Written by Jane Lawrence Friday, 06 December 2013 00:00
Visitors to Nassau County’s Garvies Point Museum and Preserve were transported back in time on Nov. 23 and 24 when the museum held its Annual Thanksgiving Native American Feast. More than 1,000 people attended the two-day event, which showcased the lives of Native Americans. Numerous hands-on activities gave participants the opportunity to try their luck at spear throwing, corn grinding, cooking over an open fire and pottery making.
The feast was the perfect outing for several Cub Scout troops and group home organizations as well as for families from across Long Island. For Sea Cliff siblings Zeke and Uma it was a special day at a place they visit often and have strong ties to. Their grandfather had been one of the museum’s early volunteers. For the Ferrera family of Islip it was a new adventure. Renee Ferrera is a social studies teacher who had taken her classes on trips to Garvies in the past and always enjoyed it.

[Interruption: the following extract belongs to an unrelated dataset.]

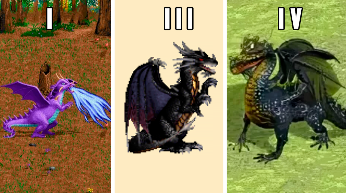 Тем не менее, я думаю, что разобраться в этом будет несложно, так как есть небольшая закономерность, позволяющая определить принадлежность драконов. Поэтому, давайте посмотрим как менялись черные драконы на протяжении всех игр серии "Герои меча и магии".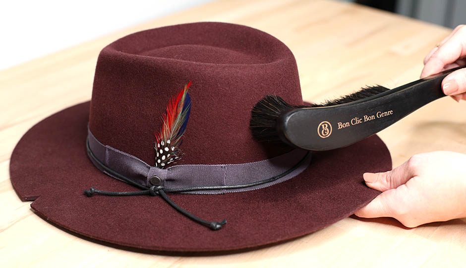 Snelle reinigingGebruik een zachte borstel met fijne haren om stof te verwijderen en de natuurlijke glans van uw hoed te herstellen. |

“When I saw they were having this event, I just knew it would be a perfect time to bring my husband and my own kids here,” said Ferrera.
One of the most popular attractions of the weekend was the outdoor fire pit. Volunteer Ted Strickroth (Tipi Ted) of the Wilderness Travel Museum engaged the crowd by demonstrating how to make a fire by, literally, rubbing two sticks together.
“The fire was the TV of long ago,” said Strickroth. “Children would sit in the wigwams, watch the fire and listen to the stories of the elders.”
Children and adults alike had the chance to prepare and cook native foods over the fire, including popcorn soup, fish and squash. Once the food was cooked, Strickroth explained that in the days of the Native Americans, the young ones
made an offering of food to the elders and, in turn, the elders offered wisdom to the young. The children were then asked to come up to the fire where they were given food that they then offered to an elder in the crowd. The fish and the squash were declared “delicious;” the popcorn soup not so much.
Brian Nugent, the recently appointed Chief Deputy Commissioner of Parks, Recreation and Museums for Nassau County, dropped by on Saturday to survey the festivities.
“This is fantastic,” said Nugent. “It shows the true meaning of Thanksgiving in the past and I hope this weekend is the beginning of a great Thanksgiving week for all the families who came here.”
Garvies Museum has been celebrating its Annual Thanksgiving Native American Feast on the weekend before Thanksgiving for more than 30 years explained Kathryne Natale, former museum worker and current President of the Friends of Garvies, who first conceived of the idea. Close to 40 volunteers work hard each year to make it a very special event.